# Mini wood stove for deer blind



## mstoelton (Oct 17, 2014)

I'm planning an elevated deer blind that I want to include a mini wood stove for all day comfort.

Are there any really small and inexpensive wood stoves for this purpose?


----------



## DougA (Oct 17, 2014)

??????????  For just over a hundred bucks, you can get this:
http://www.lowes.com/pd_131258-5164...er&pl=1&currentURL=?Ntt=mr.+heater&facetInfo=


----------



## mstoelton (Oct 17, 2014)

Yes, but I can't cook breakfast on that!


----------



## tomc585 (Oct 17, 2014)

What about a rocket stove?


----------



## sumpnz (Oct 17, 2014)

My FIL has something like this in his garage shop.

http://www.walltentshop.com/woodcampstoves.html


----------



## BrotherBart (Oct 17, 2014)

You can look at marine stoves but they ain't cheap. I cannot imagine hauling firewood up into a tower stand. 

One of these will provide plenty of heat, let you cook to scare off Bambie's daddy, and burn down the stand as well as anything else.
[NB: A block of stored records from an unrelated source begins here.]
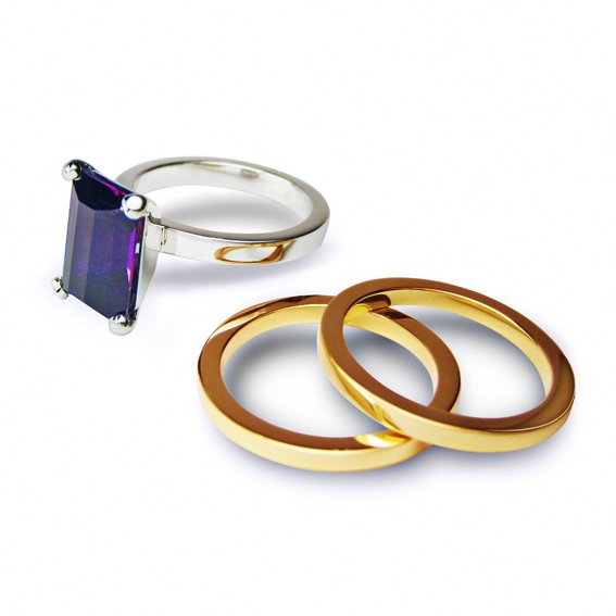 Remodeling for a client. We were given an 18ct yellow gold Amethyst ring. Our client wanted the amethyst in 18ct white gold. We suggested to use the spare gold to make two square bands for her to either wear on their own or stack them with the new white gold ring.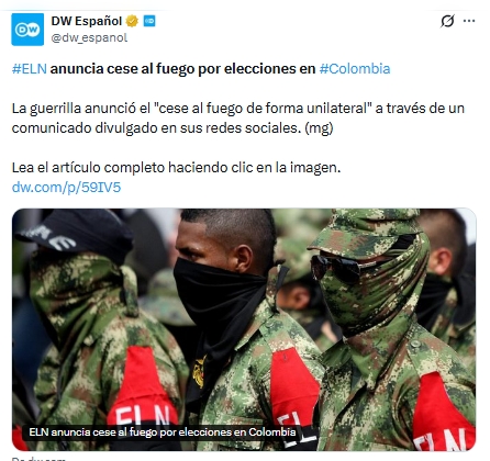 El ELN anunció un cese al fuego unilateral de cara a las próximas elecciones legislativas y presidenciales en Colombia, en medio de un aumento de la violencia política con atentados, secuestros y amenazas contra candidatos. El país elegirá nuevos congresistas el 8 de marzo y al sucesor del presidente Gustavo Petro el 31 de mayo.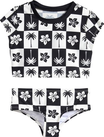 This kids’ two‑piece swimsuit features a cropped T‑shirt‑style top paired with coordinating bottoms for comfortable coverage and a sporty, pool‑ready fit.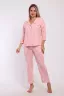 Пижама женская с брюками. Рубашка прямого, свободного кроя на пуговицах с имитацией кармана на груди. Воротник фигурный. Кроя полочки, рукав и воротник обработан внутренней окантовкой. Брюки с карманами, длина по щиколотку.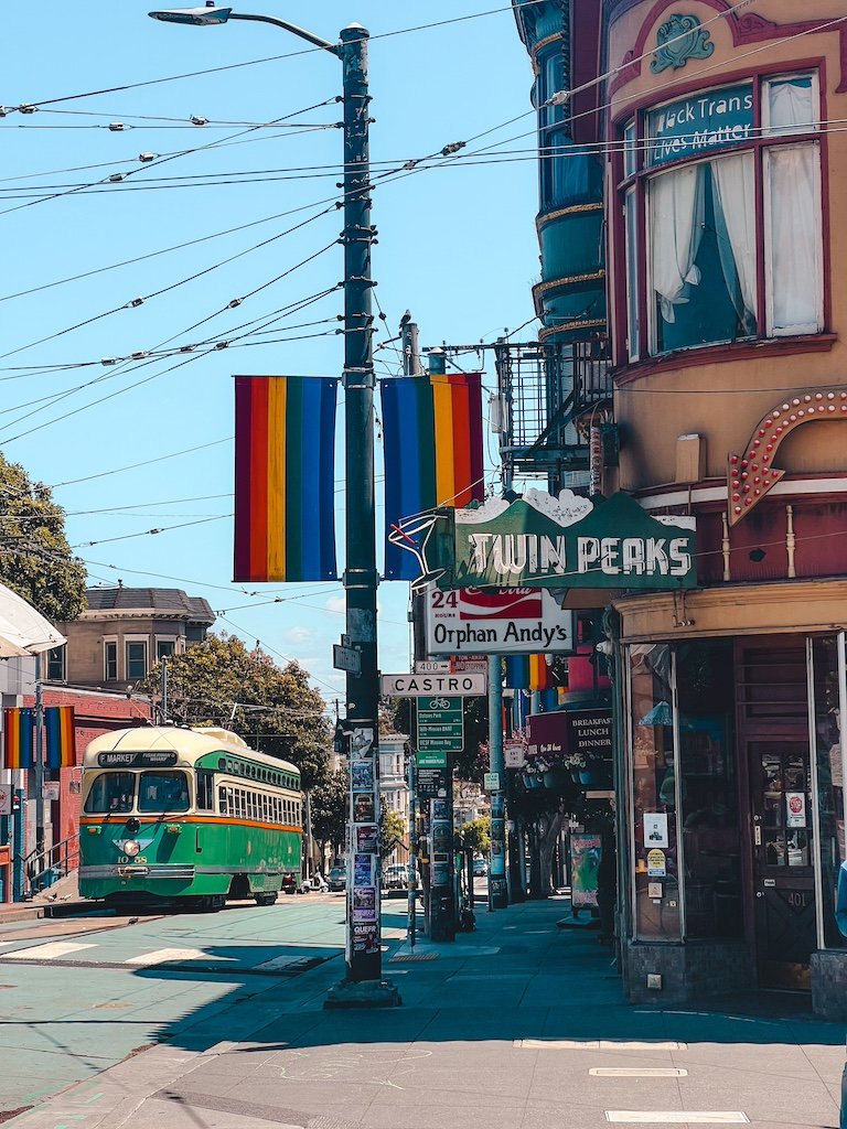 El histórico barrio de Castro, uno de los barrios icónicos de la cultura gay. Bonitas y coloridas fachadas, con un montón de banderas multicolores, el famoso Teatro Castro de 1922 y la conocida Twin Peaks Tavern.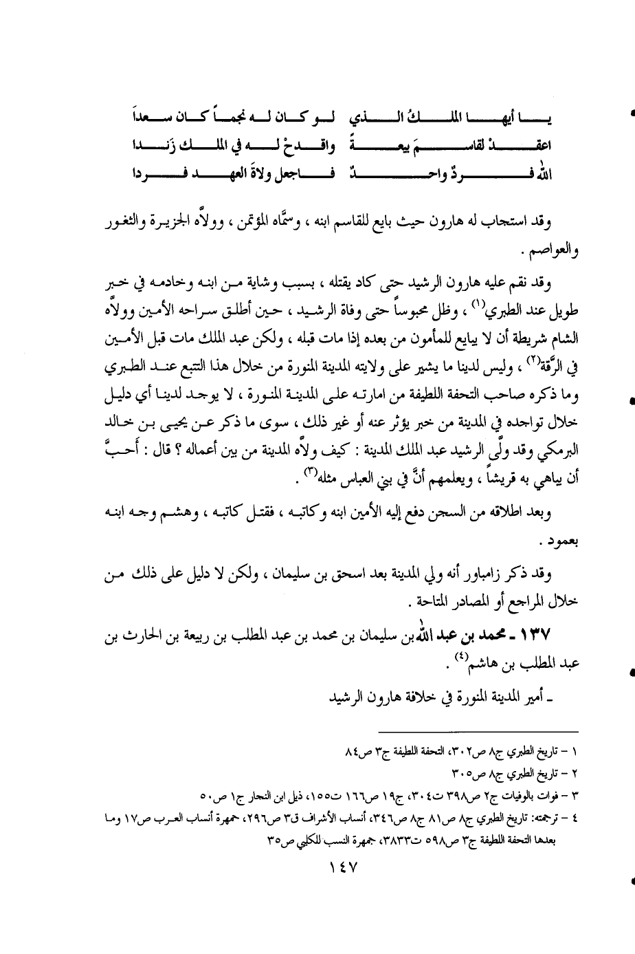 137 - محمد بن عبد الله بن سليمان بن محمد بن عبد المطلب بن ربيعة بن الحارث بن عبد المطلب بن هاشم (4).
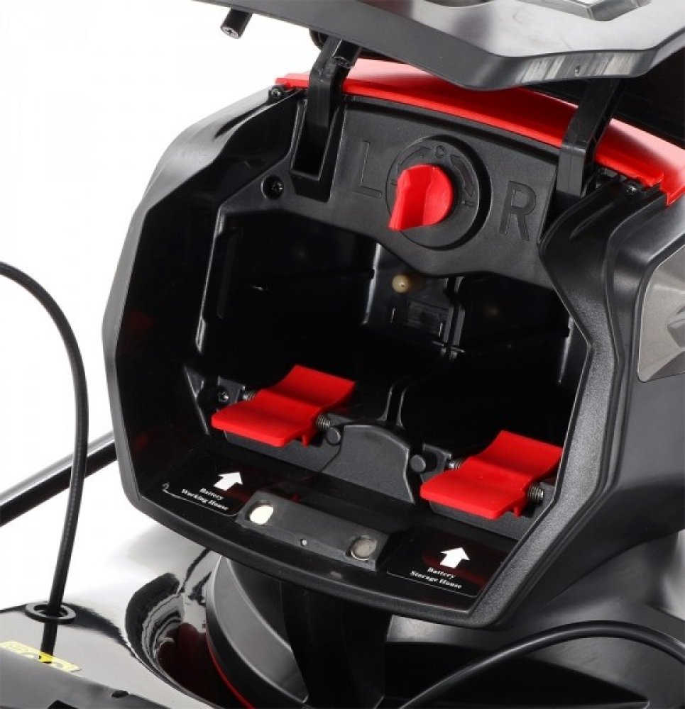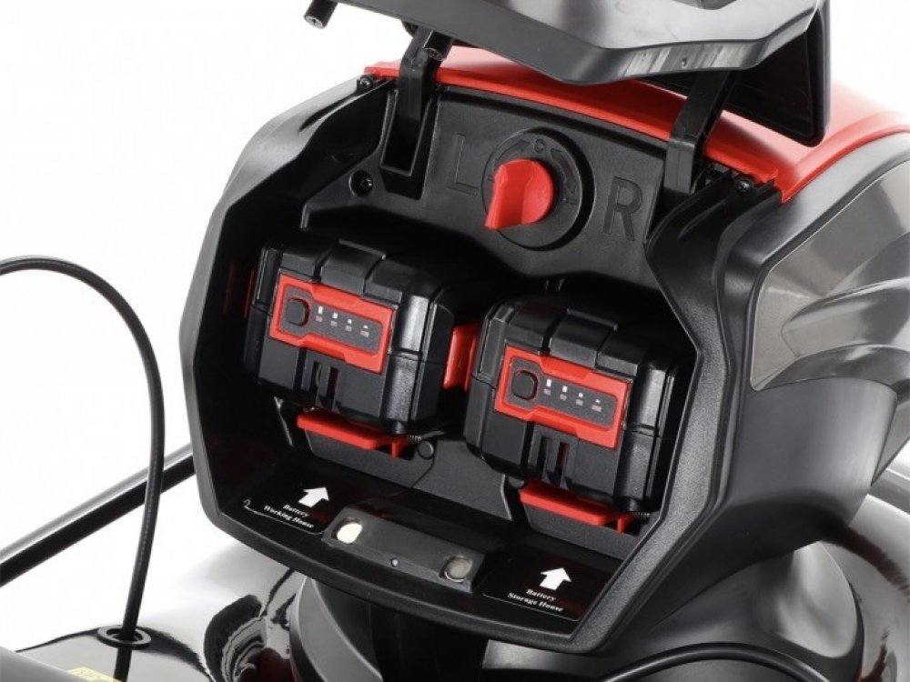Tento model sekačky disponuje dvouslotovým uložením baterií. Jeden slot aktivní a druhý úložný pro možnost okamžité výměny baterie a pokračování v sečení.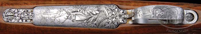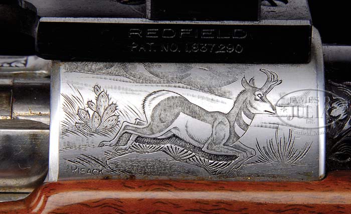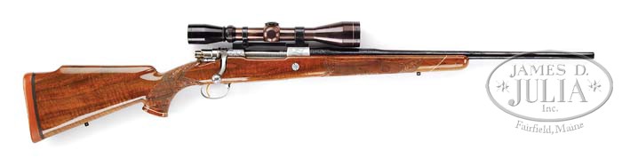 *BROWNING OLYMPIAN GRADE SPORTING RIFLE WITH SCOPE. SN 1X7384. Cal. .270. 22-1/2″ Round bbl is stamped “Browning Arms Company St. Louis MO. & Montreal P. Q.” on left rear. Right rear is stamped “. Caliber . 270 Only”, SN, and “Made in Belgium” with Belgian proofs. Bbl has relief open scroll and acanthus with stippled background engraving adjacent to action. Satin chrome plated FN Model 98 action has safety at right side behind bolt handle. Action has nearly full coverage of open acanthus and scroll engraving on left rail and bridge. Receiver ring shows game scene of prong horn running through desert background on right side, and bugling elk in wooded background on left. Both of these vignettes have engravers signature “R. Risack”. Bright polished bolt has engine turning on extractor. Bottom metal has hinged floorplate with release pivoting at front of bow, with portrait of mule deer with large tree in background, and twigs, grass, vines and ferns in foreground. Engravers signature “M. Macis?” is in foreground. A charging bear is on trigger guard bow. Nicely fiddle figured Claro walnut full flared pistol grip stock measures 13-3/4″ over Silvers type pad, and features large roll over right hand cheekpiece, rosewood grip cap and forend tip with white line spacers. Grip cap has inlaid vacant gold diamond. Grip area and forend of this well crafted rifle have very fine checkering, approx 30 LPI with acanthus carved surround, and stippling out to borders. Stock also features sling eyes and engraved recoil bolt. Leupold 3 X 9 Vari-X II scope with crosshair reticle is in older Redfield rings in Redfield one piece base. Drop at heel: approx 2-3/4″, drop at comb: Approx 2-1/4″. Weight: 8 lbs. 15.7 oz,with scope. LOP 13-3/4″. CONDITION: Excellent. Bbl retains virtually all of its blue. Receiver and floorplates retain all of their coin finish, bolt nearly all of its bright polish, darkening slightly on handle. Stock retains nearly all of its high gloss varnish finish, with some areas of crazing, and a few chips in finish from handling and use. Stock seems to have faded a bit over the years with rosewood turning almost blond. Bore is excellent. Scope anodizing has faded. Optics are clear. A fine early example of these sought after rifles. 4-39488 MGM68 (3,000-5,000)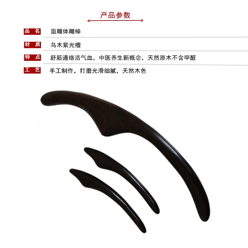 One piece of ebony purple sandalwood body carving stick, a pair of essential oil ebony purple sandalwood surface carvings, a three-piece set of essential oil ebony body carving surface carving sticks, essential oil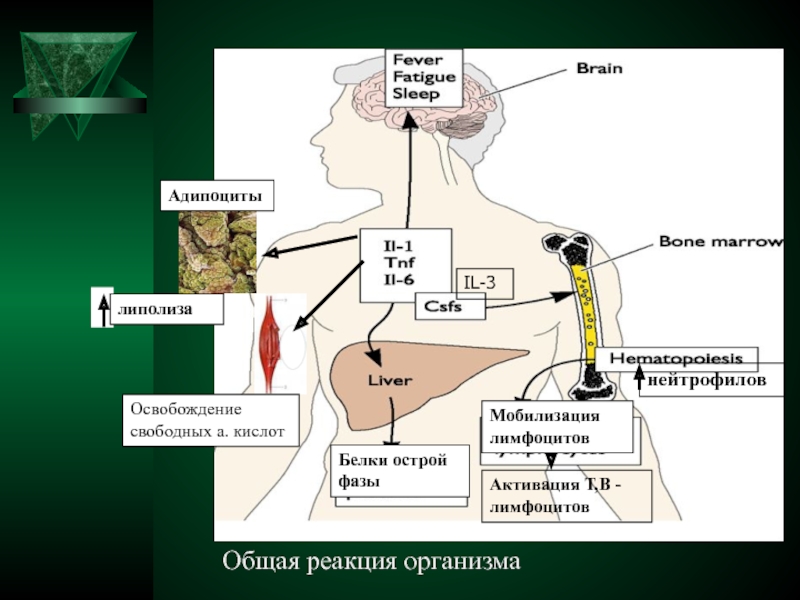 нейтрофиловАктивация Т,В - лимфоцитовОсвобождение свободных а. кислотБелки острой фазыМобилизация лимфоцитовIL-3АдипоцитылиполизаОбщая реакция организма
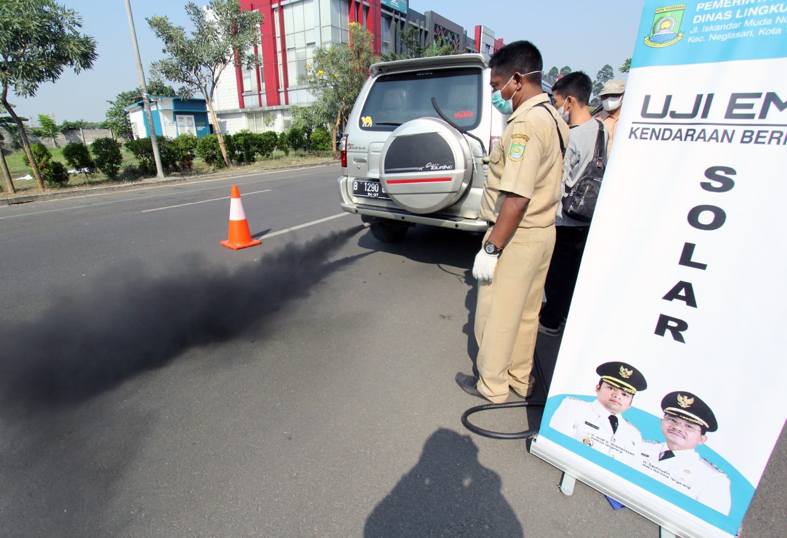 Kepala Dinas Lingkungan Hidup Kota Tangerang, Tihar Sopian mengatakan, proses uji emisi di jalur protokol akan diterapkan per hari ini yang akan diselenggarakan selama tiga hari dengan lokasi di tiga titik. Dari jam 08.00 hingga 15.00 WIB dengan target 700 kendaraan.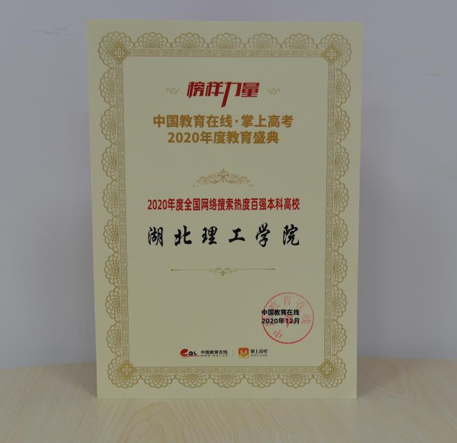 -掌上高考“榜样力量--2020年度教育盛典”评选获奖名单揭晓,湖北理工学院荣获“2020年度全国网络搜索热度百强本科高校”荣誉称号。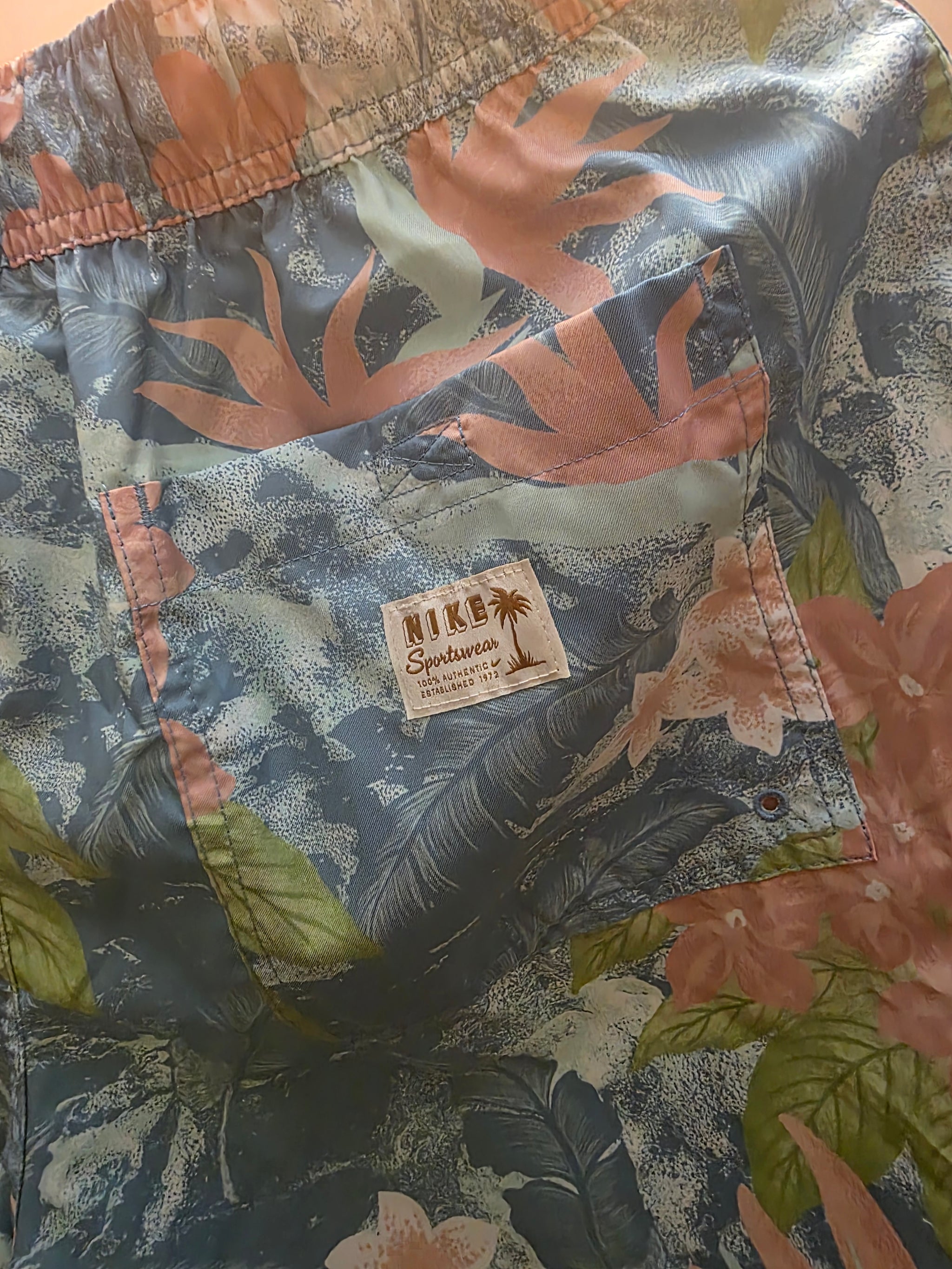 The iconic brand logo blossoms amongst a furry of pressed illusion flowers on these swim trunks generously cut with flexible,...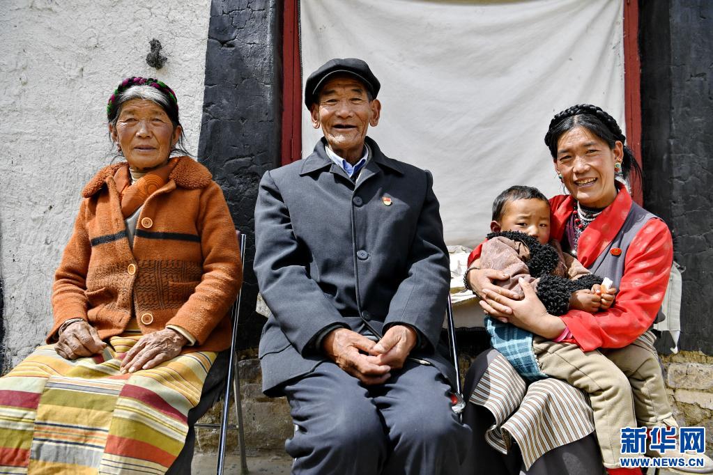 這是米瑪老人(中)與妻子窮達(左一)、小女兒德吉卓瑪(右一)以及外孫在房前合影(4月18日攝)。新華社記者 張汝鋒 攝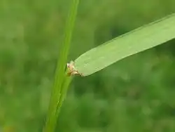 De plant vormt een losse pol en wordt 0,3–1 m hoog. Het jonge blad is opgerold. Het donkergroene en van onderen glanzende blad is 3–5 mm breed en 10–20 cm lang. De oortjes aan de voet van de bladschijf zijn kaal. Het tongetje is vrij kort, groenig, niet doorzichtig, vaak omgekruld en steekt niet boven de bladschede uit. De onderste bladscheden verweren tot bruine vezels.

http://www.homedepot.com/p/Bayou-Cl...er-with-Stainless-Braided-Hose-SP10/100056313


----------



## RAVinMetrowest (Oct 17, 2014)

I'd consider something like this - Kingsford 820-Square Inch Barrel Grill:

http://www.walmart.com/ip/Kingsford-820-Square-Inch-Barrel-Grill/19398430

$108, you could shorten the legs to make it a little smaller and extend the stack up out of your blind.

I'd make sure you had good airflow in the blind or even bring a battery powered CO detector - better to scare off some game if it goes off than fall asleep and never wake up!


----------



## Fsappo (Oct 17, 2014)

could never get deer to come close to any kind of smoke


----------



## Highbeam (Oct 17, 2014)

You want to cook in a deer blind? I can understand heat but to cook? Stuff some candy bars in your pocket.


----------



## BrotherBart (Oct 17, 2014)

Gotta stay warm and fed watching the big screen TV.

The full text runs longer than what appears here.